Another method of capturing patient-reported data is via EMA, which involves repeated sampling of behavioral aspects, experiences, and moods in real time in one’s regular environment. EMA data can include a range of variables, including questions on a patient’s mood, physical health, or behavioral information (Sequeira et al., 2019). In particular, studies that collected EMA provided important evidence related to the presence of fluctuations in SI, highlighting that suicidal thoughts are dynamic over short periods (Hallensleben et al., 2017; Czyz et al., 2019). Specific EMA items related to the suicide risk can investigate the suicide desire and suicide intent, the inability to keep self-safe, the sense of hopelessness, and emotional dysregulation (Czyz et al., 2022). A growing number of EMA and daily diary studies have revealed important insights about self-injurious thoughts and behaviors occurring in daily life, including nonsuicidal self-injury (NSSI) and its underlying functions (Czyz et al., 2022). Czyz et al. (2018) adopted a daily diary design to examine near-term risk factors for suicide ideation in adolescents over 28 days post-hospitalization, founding that the adoption of these tools was feasible and acceptable among adolescents during this high-risk period (Sequeira et al., 2019).

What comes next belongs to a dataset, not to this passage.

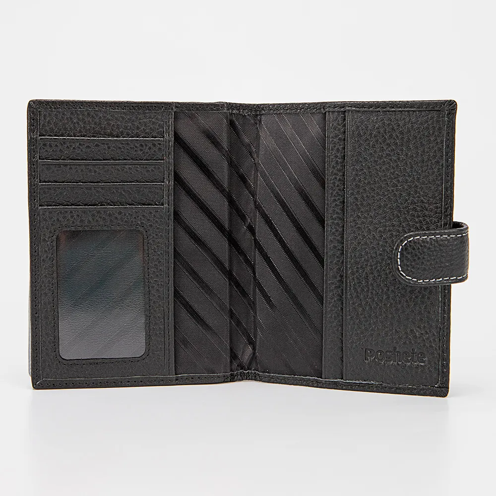 Универсальная обложка для паспорта и автодокументов от торговой марки Poshete изготовлена из натуральной кожи черного цвет с контрастной отстрочкой. Закрывается хлястиком на кнопку. Внутри: отделение-разворот для паспорта, отделения для документов, карманы для карт, блок с прозрачными файлами разного формата для автодокументов, карман-окошко.

Cognitive and behavioural task
Another way to collect relevant active data consists of the administration of behavioural tasks, that can be digitally administered inside of digital games or challenging activities. Indeed, behavioral tasks are a means to assess suicide risk beyond self-report and can measure objectively features such as impulsiveness, that has already been associated with suicide risk (Cha et al., 2019; Ballard et al., 2021). Indeed, classical cognitive tests can detect specific cognitive features of suicidal attempters. The performances at the Iowa Gambling Task, the Stroop test, the Go/No-Go task, and the Wisconsin Card Sorting Task highlighted that suicide attempters showed less cognitive flexibility, more impulsivity, and worse memory and attention than non-attempters (Keilp et al., 2014; Cha et al., 2019; Zelazny et al., 2019). Other suicide-specific behavioural measures can be applied to identify potential implicit biases for suicide-related content without relying on self-report measures. An interesting example of suicide-specific measure is the Implicit Association Task, that has already been applied to measure associations between suicidal and self-injury behaviours and death and life categories (Nock et al., 2009; Randall et al., 2013) or SI (Price et al., 2014). Furthermore, another way to collect active data of behavioural tasks is using gamified mobile cognitive tests. Introducing a standard experimental task into a pleasant-to-use game, helps to improve both participant engagement and retention (Liu et al., 2021). Overall, such risk factors can be digitally measured in a cost-saving way, providing reliable measures of features that are unlikely to rapidly change over time.
Passive data
Passive data refers to information that can be extracted from different devices without the active involvement of the user. They allow for removing the response burden typically involved in active self-monitoring (Skinner et al., 2017), storing up several objective measurements of social, behavioral, and cognitive functioning in real-life settings. Moreover, passive data can also facilitate the identification of clinical symptoms that may be outside the patient’s awareness (e.g., suicide risk). One of the most used and diffused strategies for the acquisition of information is mobile passive monitoring (MPM), whereby data is collected through the smartphone (Jagesar et al., 2021). Most current smartphones incorporate sensors for passive data acquisition related to the physiological status, social behaviour, and contextual information. Other examples are provided by different wearables, such as smart-watches or actigraphs, that have sensors and functionality similar to smartphones, and can also be used as passive data collection instruments.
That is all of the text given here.